* [PROBLEM STATEMENT] Leave out the pictures and give back all the entries exactly as written.

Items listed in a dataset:
====

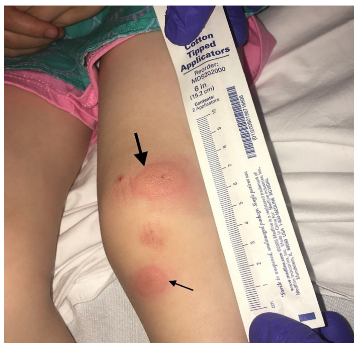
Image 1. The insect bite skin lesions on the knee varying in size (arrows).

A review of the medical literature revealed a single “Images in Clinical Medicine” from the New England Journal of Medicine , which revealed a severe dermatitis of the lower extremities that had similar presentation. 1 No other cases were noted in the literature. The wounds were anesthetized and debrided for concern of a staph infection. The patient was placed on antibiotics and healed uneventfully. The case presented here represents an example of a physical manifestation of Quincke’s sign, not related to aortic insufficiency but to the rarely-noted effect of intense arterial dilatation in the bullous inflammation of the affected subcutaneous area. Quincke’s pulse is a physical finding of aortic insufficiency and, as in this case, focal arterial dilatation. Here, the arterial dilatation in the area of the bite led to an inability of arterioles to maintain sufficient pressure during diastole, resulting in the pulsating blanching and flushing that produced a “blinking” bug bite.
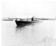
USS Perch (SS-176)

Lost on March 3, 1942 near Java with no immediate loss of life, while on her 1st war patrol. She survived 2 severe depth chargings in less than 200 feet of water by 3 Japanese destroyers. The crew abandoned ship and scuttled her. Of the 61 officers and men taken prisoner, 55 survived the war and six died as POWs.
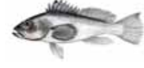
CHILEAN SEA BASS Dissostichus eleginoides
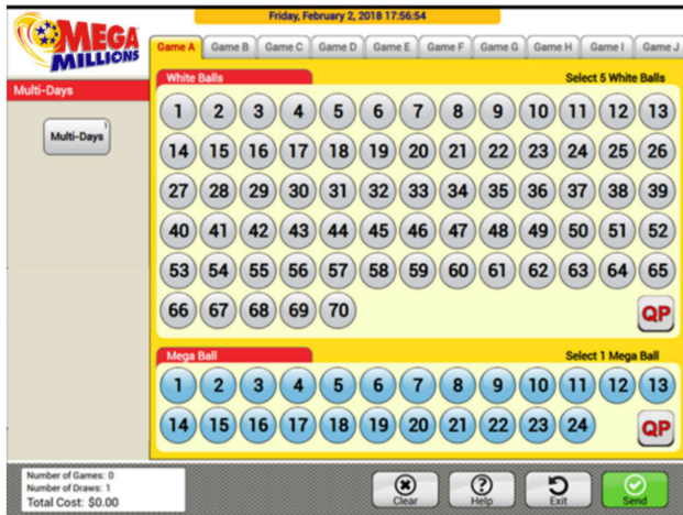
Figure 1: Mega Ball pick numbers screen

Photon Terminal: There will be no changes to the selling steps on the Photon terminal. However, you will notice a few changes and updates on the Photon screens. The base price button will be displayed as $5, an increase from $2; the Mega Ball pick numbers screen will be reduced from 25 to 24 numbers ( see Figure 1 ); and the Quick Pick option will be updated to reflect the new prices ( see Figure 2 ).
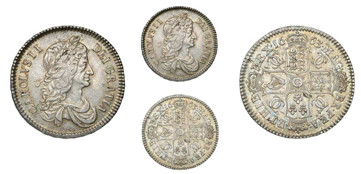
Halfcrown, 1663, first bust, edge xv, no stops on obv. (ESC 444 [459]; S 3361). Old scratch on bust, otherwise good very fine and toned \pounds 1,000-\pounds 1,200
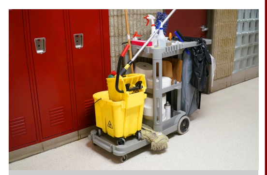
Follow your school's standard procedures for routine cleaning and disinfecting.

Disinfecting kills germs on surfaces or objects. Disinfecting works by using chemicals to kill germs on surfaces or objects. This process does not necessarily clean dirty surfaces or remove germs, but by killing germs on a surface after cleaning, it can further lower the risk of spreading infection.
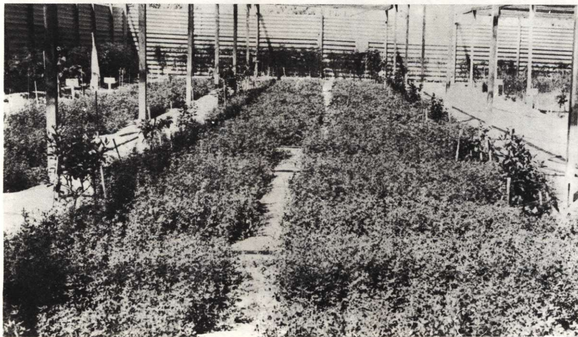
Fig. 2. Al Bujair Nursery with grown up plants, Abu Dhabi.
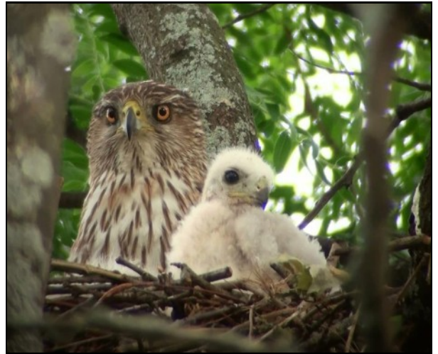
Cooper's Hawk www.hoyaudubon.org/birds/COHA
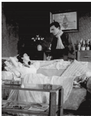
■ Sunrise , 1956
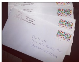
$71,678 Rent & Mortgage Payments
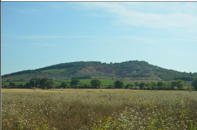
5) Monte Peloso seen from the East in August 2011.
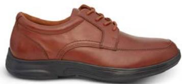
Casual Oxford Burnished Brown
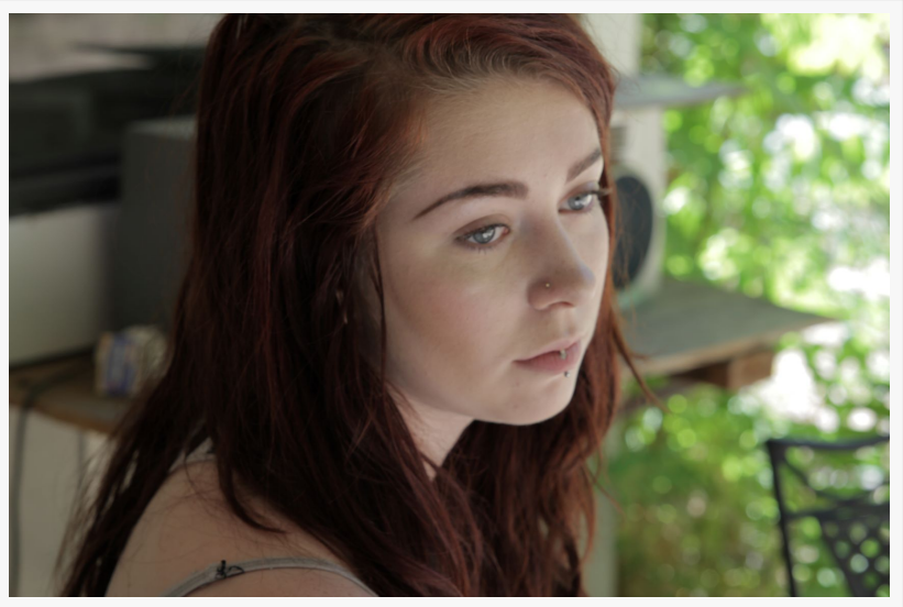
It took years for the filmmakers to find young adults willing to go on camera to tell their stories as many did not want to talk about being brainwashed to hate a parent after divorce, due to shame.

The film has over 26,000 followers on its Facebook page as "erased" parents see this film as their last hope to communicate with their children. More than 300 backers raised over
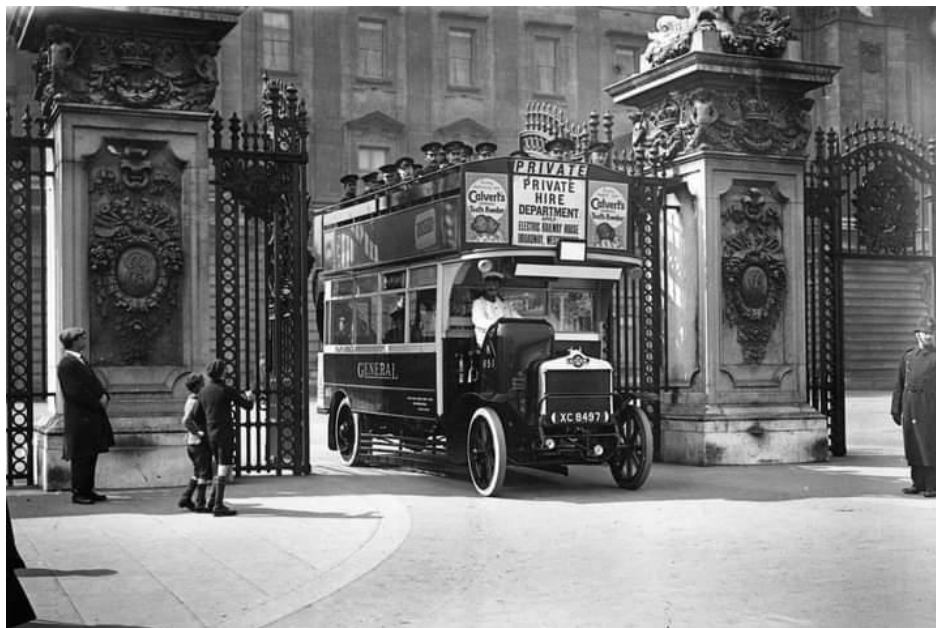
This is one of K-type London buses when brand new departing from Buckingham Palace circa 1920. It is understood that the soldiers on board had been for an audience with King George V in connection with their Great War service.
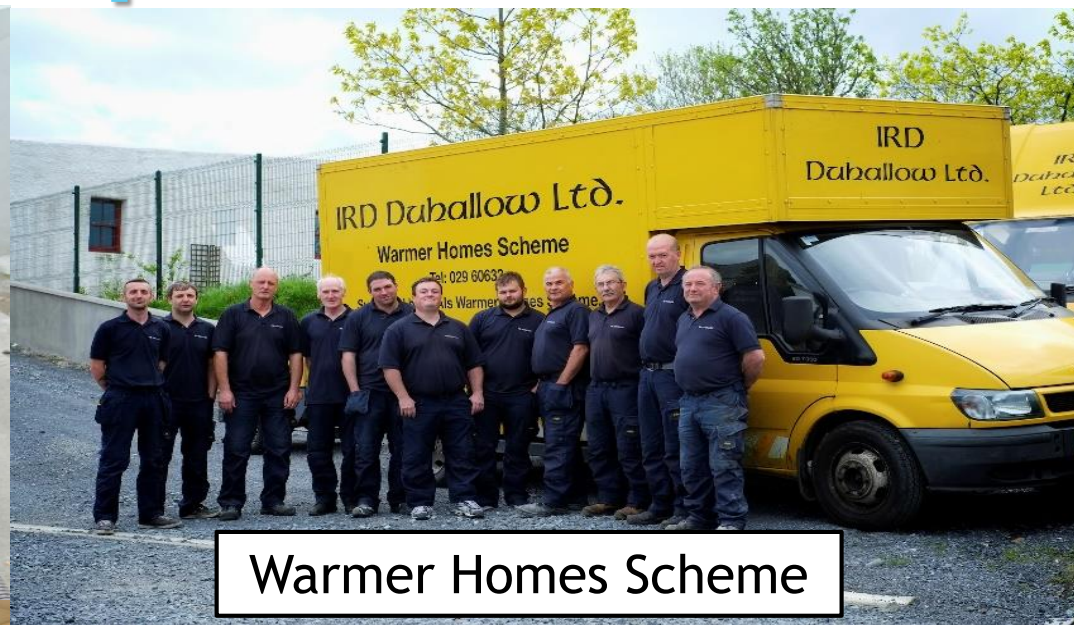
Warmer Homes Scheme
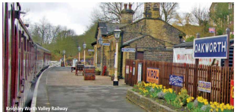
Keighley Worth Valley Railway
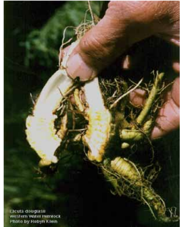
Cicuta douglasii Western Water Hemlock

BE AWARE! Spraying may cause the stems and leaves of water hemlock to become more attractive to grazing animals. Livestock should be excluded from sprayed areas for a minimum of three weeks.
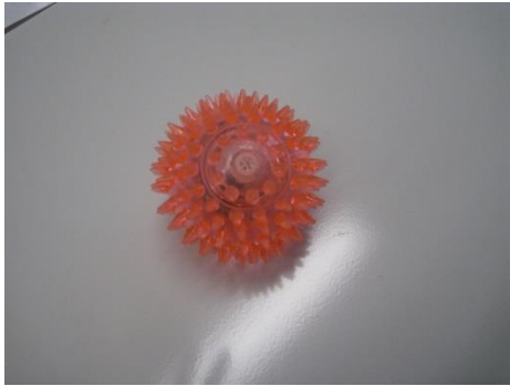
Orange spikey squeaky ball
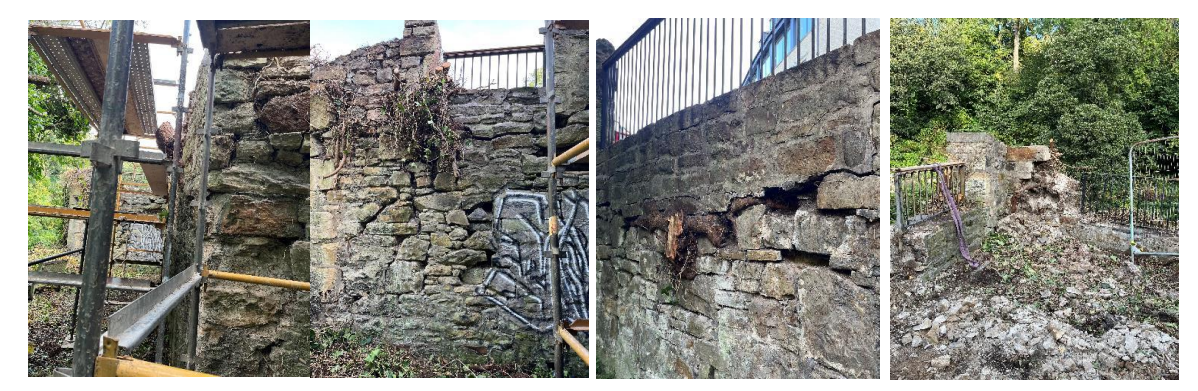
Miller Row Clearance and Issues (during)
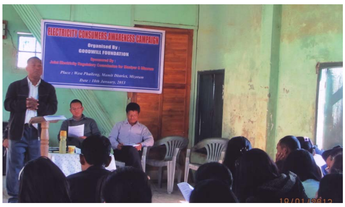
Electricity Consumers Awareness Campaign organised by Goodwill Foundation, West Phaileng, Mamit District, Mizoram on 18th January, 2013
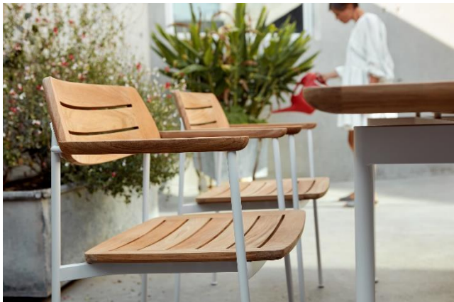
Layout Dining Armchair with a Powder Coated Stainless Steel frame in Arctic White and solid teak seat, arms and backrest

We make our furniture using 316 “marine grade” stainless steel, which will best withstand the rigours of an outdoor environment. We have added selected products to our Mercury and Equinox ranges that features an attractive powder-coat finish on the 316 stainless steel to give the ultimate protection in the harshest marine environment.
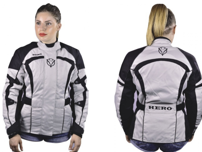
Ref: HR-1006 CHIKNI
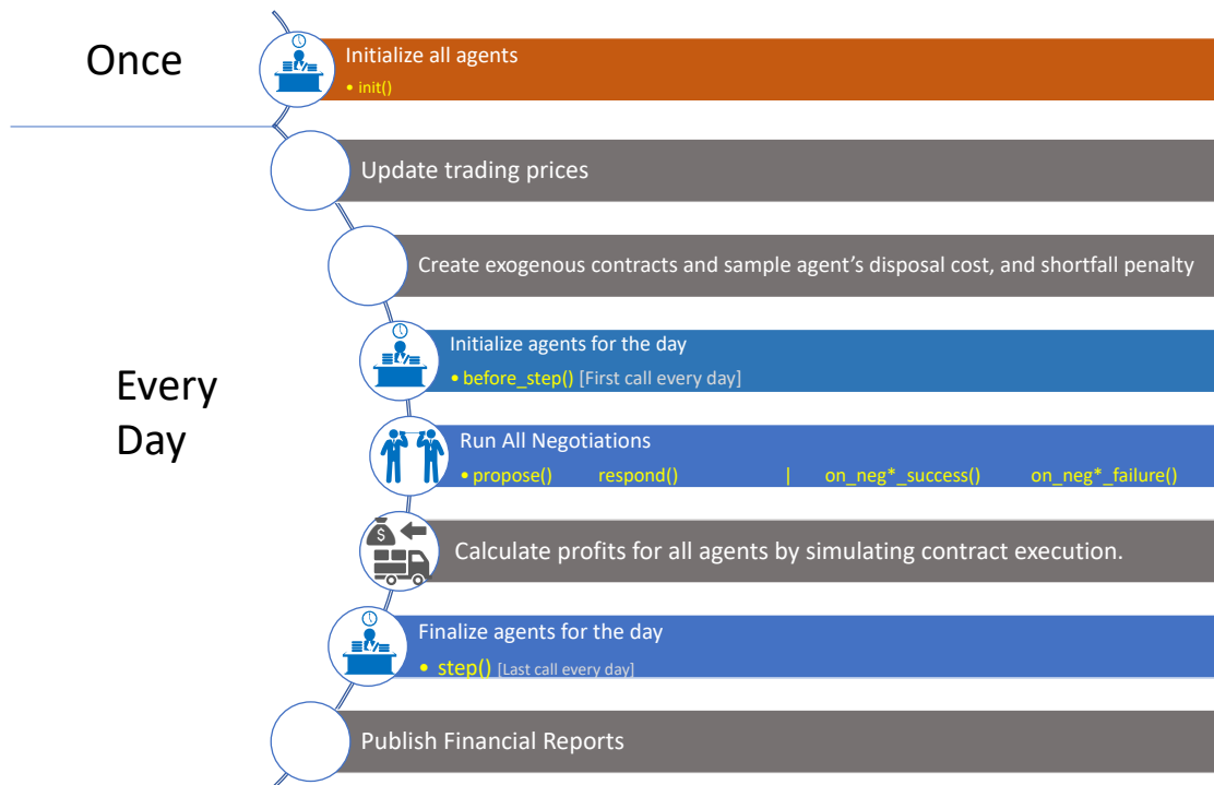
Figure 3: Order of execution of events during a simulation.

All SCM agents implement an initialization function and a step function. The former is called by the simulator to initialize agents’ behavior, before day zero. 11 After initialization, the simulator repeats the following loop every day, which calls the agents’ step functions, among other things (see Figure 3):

====

* [THE COMPLETED TASK]
Image 1. The insect bite skin lesions on the knee varying in size (arrows).

A review of the medical literature revealed a single “Images in Clinical Medicine” from the New England Journal of Medicine , which revealed a severe dermatitis of the lower extremities that had similar presentation. 1 No other cases were noted in the literature. The wounds were anesthetized and debrided for concern of a staph infection. The patient was placed on antibiotics and healed uneventfully. The case presented here represents an example of a physical manifestation of Quincke’s sign, not related to aortic insufficiency but to the rarely-noted effect of intense arterial dilatation in the bullous inflammation of the affected subcutaneous area. Quincke’s pulse is a physical finding of aortic insufficiency and, as in this case, focal arterial dilatation. Here, the arterial dilatation in the area of the bite led to an inability of arterioles to maintain sufficient pressure during diastole, resulting in the pulsating blanching and flushing that produced a “blinking” bug bite.
USS Perch (SS-176)

Lost on March 3, 1942 near Java with no immediate loss of life, while on her 1st war patrol. She survived 2 severe depth chargings in less than 200 feet of water by 3 Japanese destroyers. The crew abandoned ship and scuttled her. Of the 61 officers and men taken prisoner, 55 survived the war and six died as POWs.
CHILEAN SEA BASS Dissostichus eleginoides
Figure 1: Mega Ball pick numbers screen

Photon Terminal: There will be no changes to the selling steps on the Photon terminal. However, you will notice a few changes and updates on the Photon screens. The base price button will be displayed as $5, an increase from $2; the Mega Ball pick numbers screen will be reduced from 25 to 24 numbers ( see Figure 1 ); and the Quick Pick option will be updated to reflect the new prices ( see Figure 2 ).
Halfcrown, 1663, first bust, edge xv, no stops on obv. (ESC 444 [459]; S 3361). Old scratch on bust, otherwise good very fine and toned \pounds 1,000-\pounds 1,200
Follow your school's standard procedures for routine cleaning and disinfecting.

Disinfecting kills germs on surfaces or objects. Disinfecting works by using chemicals to kill germs on surfaces or objects. This process does not necessarily clean dirty surfaces or remove germs, but by killing germs on a surface after cleaning, it can further lower the risk of spreading infection.
Fig. 2. Al Bujair Nursery with grown up plants, Abu Dhabi.
Cooper's Hawk www.hoyaudubon.org/birds/COHA
■ Sunrise , 1956
$71,678 Rent & Mortgage Payments
5) Monte Peloso seen from the East in August 2011.
Casual Oxford Burnished Brown
It took years for the filmmakers to find young adults willing to go on camera to tell their stories as many did not want to talk about being brainwashed to hate a parent after divorce, due to shame.

The film has over 26,000 followers on its Facebook page as "erased" parents see this film as their last hope to communicate with their children. More than 300 backers raised over
This is one of K-type London buses when brand new departing from Buckingham Palace circa 1920. It is understood that the soldiers on board had been for an audience with King George V in connection with their Great War service.
Warmer Homes Scheme
Keighley Worth Valley Railway
Cicuta douglasii Western Water Hemlock

BE AWARE! Spraying may cause the stems and leaves of water hemlock to become more attractive to grazing animals. Livestock should be excluded from sprayed areas for a minimum of three weeks.
Orange spikey squeaky ball
Miller Row Clearance and Issues (during)
Electricity Consumers Awareness Campaign organised by Goodwill Foundation, West Phaileng, Mamit District, Mizoram on 18th January, 2013
Layout Dining Armchair with a Powder Coated Stainless Steel frame in Arctic White and solid teak seat, arms and backrest

We make our furniture using 316 “marine grade” stainless steel, which will best withstand the rigours of an outdoor environment. We have added selected products to our Mercury and Equinox ranges that features an attractive powder-coat finish on the 316 stainless steel to give the ultimate protection in the harshest marine environment.
Ref: HR-1006 CHIKNI
Figure 3: Order of execution of events during a simulation.

All SCM agents implement an initialization function and a step function. The former is called by the simulator to initialize agents’ behavior, before day zero. 11 After initialization, the simulator repeats the following loop every day, which calls the agents’ step functions, among other things (see Figure 3):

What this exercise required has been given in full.